# WANTED: Linux Ordnergröße



## Azero (10. August 2005)

Hallo,

Ich hoffe hier kann mir geholfen werden. Ich würde gern erfahren, wie viel Speicherplatz ein leerer Ordner im Linux-Verzeichnisbaum benötigt. Auch unabgesehen von den Bytes die für den Namen des Ordners nötig werden, sondern nur der Speicherbedarf für die reine Tatsache, das er existiert? Die selbe Fragestellung auch in Bezug auf die Größe von Dateinen. Sind es an dieser Stelle wirklich nur Einträge in die Inode-Liste, für die eh schon Speicher reserviert ist?

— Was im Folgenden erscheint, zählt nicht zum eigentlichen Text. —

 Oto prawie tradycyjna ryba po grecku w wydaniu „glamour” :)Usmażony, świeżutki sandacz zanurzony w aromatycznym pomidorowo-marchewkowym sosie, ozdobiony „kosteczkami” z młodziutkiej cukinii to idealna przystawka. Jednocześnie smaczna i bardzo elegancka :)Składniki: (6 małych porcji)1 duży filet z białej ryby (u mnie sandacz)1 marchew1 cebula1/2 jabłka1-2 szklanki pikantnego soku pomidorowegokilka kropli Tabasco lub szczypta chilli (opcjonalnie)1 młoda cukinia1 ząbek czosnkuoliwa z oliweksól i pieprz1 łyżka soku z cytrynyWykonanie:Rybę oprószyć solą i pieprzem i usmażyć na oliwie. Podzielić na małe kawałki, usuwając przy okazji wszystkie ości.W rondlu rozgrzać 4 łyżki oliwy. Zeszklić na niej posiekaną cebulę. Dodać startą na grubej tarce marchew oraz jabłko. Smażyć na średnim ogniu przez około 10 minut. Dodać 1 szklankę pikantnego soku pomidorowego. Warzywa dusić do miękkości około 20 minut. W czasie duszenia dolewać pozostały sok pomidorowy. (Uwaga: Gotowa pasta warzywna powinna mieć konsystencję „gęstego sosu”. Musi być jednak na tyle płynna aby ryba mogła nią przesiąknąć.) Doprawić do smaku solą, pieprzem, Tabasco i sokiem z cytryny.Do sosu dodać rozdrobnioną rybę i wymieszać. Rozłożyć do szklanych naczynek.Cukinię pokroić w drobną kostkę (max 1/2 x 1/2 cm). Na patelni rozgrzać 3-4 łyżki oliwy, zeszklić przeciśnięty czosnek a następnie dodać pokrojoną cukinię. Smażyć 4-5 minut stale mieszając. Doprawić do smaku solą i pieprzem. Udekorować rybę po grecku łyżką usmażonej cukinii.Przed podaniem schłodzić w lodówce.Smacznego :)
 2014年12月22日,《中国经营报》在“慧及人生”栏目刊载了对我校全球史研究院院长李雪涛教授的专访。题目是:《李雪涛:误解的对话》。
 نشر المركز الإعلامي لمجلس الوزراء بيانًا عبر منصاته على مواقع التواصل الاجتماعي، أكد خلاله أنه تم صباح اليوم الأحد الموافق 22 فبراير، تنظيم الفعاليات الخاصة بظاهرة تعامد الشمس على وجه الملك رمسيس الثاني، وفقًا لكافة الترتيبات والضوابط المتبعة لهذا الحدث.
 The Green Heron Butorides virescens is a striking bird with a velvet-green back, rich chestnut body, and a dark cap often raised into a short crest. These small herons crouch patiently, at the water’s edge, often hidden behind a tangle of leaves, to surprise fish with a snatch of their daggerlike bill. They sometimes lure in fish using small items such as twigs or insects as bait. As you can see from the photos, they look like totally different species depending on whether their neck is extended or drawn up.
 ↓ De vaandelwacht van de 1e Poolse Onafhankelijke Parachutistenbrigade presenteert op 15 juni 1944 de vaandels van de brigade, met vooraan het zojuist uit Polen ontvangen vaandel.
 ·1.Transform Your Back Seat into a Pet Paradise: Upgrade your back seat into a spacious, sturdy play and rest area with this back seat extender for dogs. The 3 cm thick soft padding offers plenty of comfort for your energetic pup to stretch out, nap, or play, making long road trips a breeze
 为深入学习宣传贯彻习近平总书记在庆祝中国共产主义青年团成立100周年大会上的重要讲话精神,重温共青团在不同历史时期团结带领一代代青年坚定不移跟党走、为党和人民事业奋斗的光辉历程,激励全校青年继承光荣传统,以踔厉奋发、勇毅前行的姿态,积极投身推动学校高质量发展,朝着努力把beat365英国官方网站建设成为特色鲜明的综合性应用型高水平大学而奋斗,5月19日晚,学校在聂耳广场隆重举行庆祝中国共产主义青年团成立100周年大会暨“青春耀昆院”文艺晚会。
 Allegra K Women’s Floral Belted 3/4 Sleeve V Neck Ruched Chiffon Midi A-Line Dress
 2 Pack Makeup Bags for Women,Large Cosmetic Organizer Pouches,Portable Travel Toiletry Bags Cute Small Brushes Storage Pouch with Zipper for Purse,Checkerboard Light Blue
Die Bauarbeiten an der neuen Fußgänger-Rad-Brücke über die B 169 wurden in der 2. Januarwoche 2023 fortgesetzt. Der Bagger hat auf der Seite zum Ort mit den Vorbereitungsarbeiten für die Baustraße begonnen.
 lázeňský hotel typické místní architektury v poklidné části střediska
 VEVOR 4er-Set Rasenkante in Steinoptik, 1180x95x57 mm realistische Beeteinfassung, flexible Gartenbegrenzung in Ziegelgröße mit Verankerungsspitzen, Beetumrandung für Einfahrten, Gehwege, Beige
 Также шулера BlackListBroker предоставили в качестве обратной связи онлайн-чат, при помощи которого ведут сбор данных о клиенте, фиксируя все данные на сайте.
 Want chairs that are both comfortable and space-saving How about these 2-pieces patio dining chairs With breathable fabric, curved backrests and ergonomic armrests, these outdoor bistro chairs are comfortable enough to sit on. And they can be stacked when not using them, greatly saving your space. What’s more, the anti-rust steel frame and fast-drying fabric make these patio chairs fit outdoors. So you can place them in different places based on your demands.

Weiß an dieser Stelle jemand weiter

mfg


----------



## Dennis Wronka (10. August 2005)

Ich bin nicht ganz sicher, aber ich glaube ein Ordner ist nur eine Inode.
Die Dokumentation zum genutzten Dateisystem (Ext2/3, ReiserFS, etc.) wird da sicher weiterhelfen.


----------



## Azero (10. August 2005)

reptiler hat gesagt.:
			
		

> Ich bin nicht ganz sicher, aber ich glaube ein Ordner ist nur eine Inode.
> Die Dokumentation zum genutzten Dateisystem (Ext2/3, ReiserFS, etc.) wird da sicher weiterhelfen.


 gut ich werd mal schaun, ob ich was finde.

danke..


----------



## Dennis Wronka (10. August 2005)

Nichts zu danken.

Dieser Service erfolgte wie ueblich kostenlos.


----------